TASK DESCRIPTION: Repeat exactly, and nothing more, the lines from the one that includes "2-dílná sada do" through the final line of the entries; skip the pictures.

Dataset records
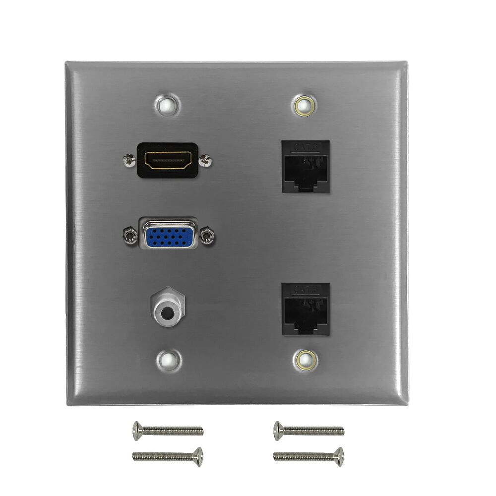 This stainless steel wall plate kit consists of a wall plate, a VGA female to female port, a 3.5mm audio female to female port, a HDMI female to female port, and 2x CAT6 female to female ports. It is compatible with standard North American electrical openings, data clips or surface mount boxes.
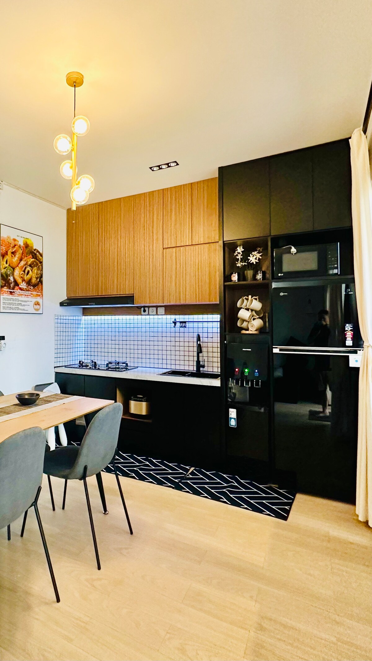 Üdvözlünk ebben a modern, Jatinangor szívében található saroklakásban, amely mindent kínál, amire szükséged van a kényelmes és praktikus élethez. Ebben a saroklakásban egy kényelmes, 120x200 cm-es emeletes ágy található, amely tökéletes egyedül utazóknak, pároknak vagy akár egy kétgyermekes családnak is. Van egy íróasztal nagy sebességű Wi-Fi-vel, és két erkély is van ebben a térben A saját fürdőszobában zuhanyzó, mosdó és WC található.
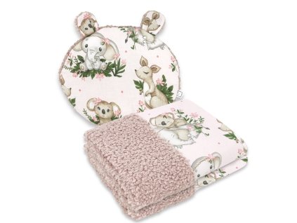 2-dílná sada do kočárku s oušky, bavlna + Beránek 100x70 cm, Skippy - růžová
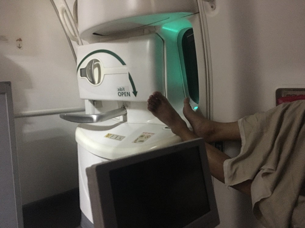 There's constant debate about whether or not people should wear shoes on board, but I think we can all agree that someone's nasty bare feet propped up on an aircraft door is appalling. I felt uncomfortable photographing his face (though I almost felt like he deserved to be passenger-shamed on social media), but I did snap his feet and pits for all TPG readers to see. It wasn't even on purpose — I couldn't get a decent photo of my row without some of his flesh showing.
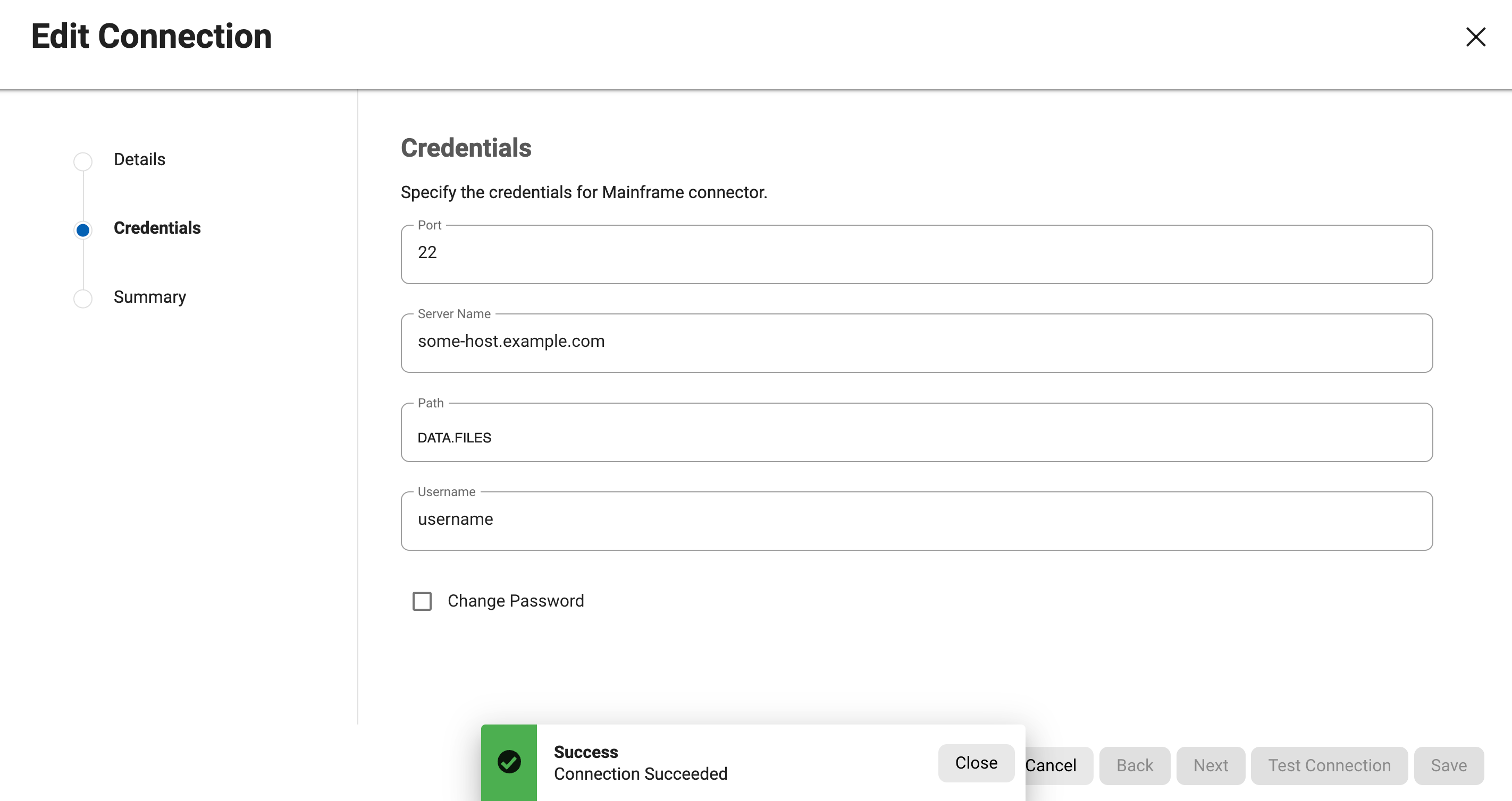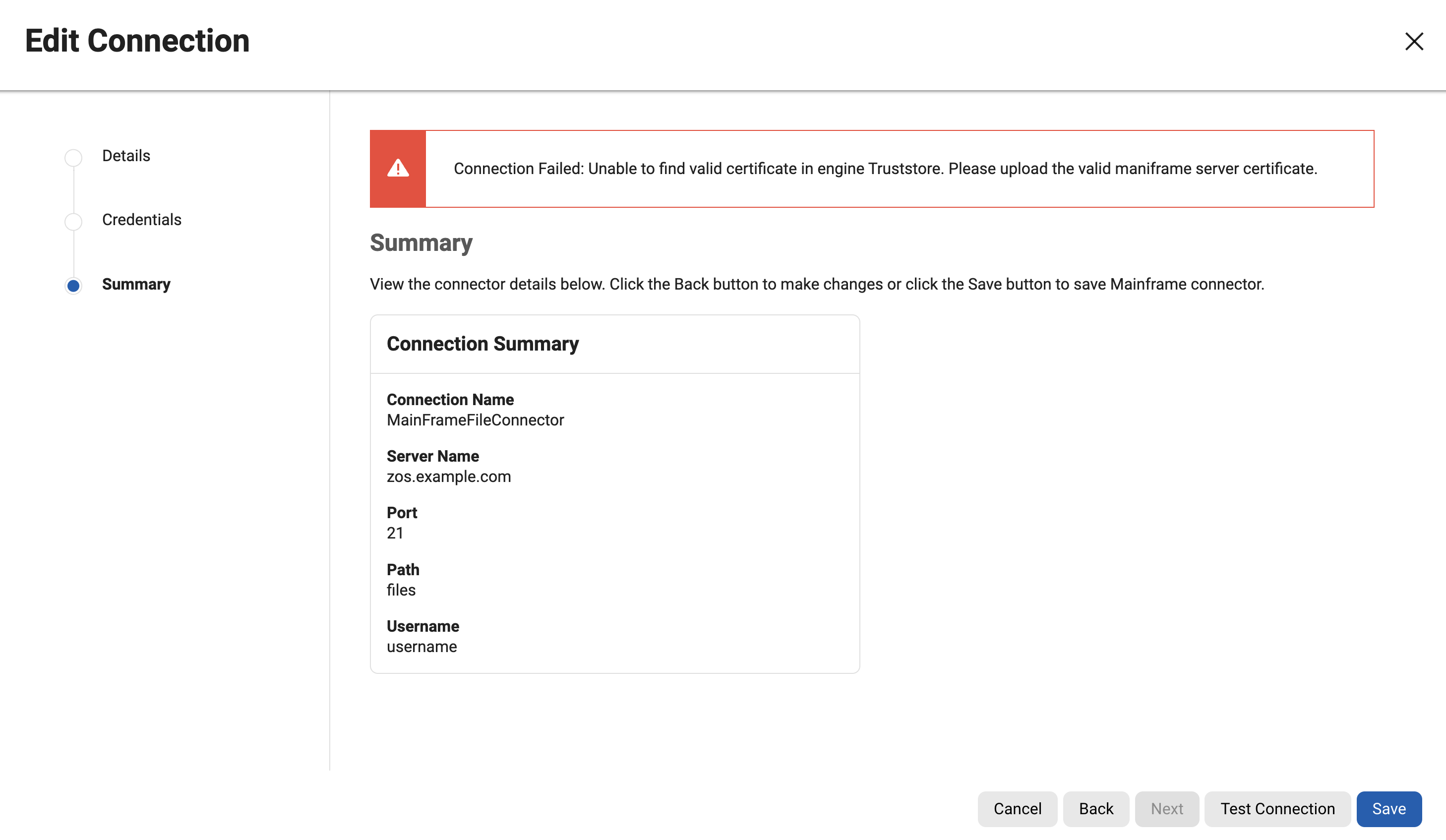 To establish a successful connection to the mainframe using FTPS, it is important that users upload the Server SSL Certificate to the TrustStore of the Data Engine. Detailed instructions for adding the certificate to the Data Engine TrustStore can be found in the TrustStore settings page.

ANSWER SPACE:
 2-dílná sada do kočárku s oušky, bavlna + Beránek 100x70 cm, Skippy - růžová
 There's constant debate about whether or not people should wear shoes on board, but I think we can all agree that someone's nasty bare feet propped up on an aircraft door is appalling. I felt uncomfortable photographing his face (though I almost felt like he deserved to be passenger-shamed on social media), but I did snap his feet and pits for all TPG readers to see. It wasn't even on purpose — I couldn't get a decent photo of my row without some of his flesh showing.
 To establish a successful connection to the mainframe using FTPS, it is important that users upload the Server SSL Certificate to the TrustStore of the Data Engine. Detailed instructions for adding the certificate to the Data Engine TrustStore can be found in the TrustStore settings page.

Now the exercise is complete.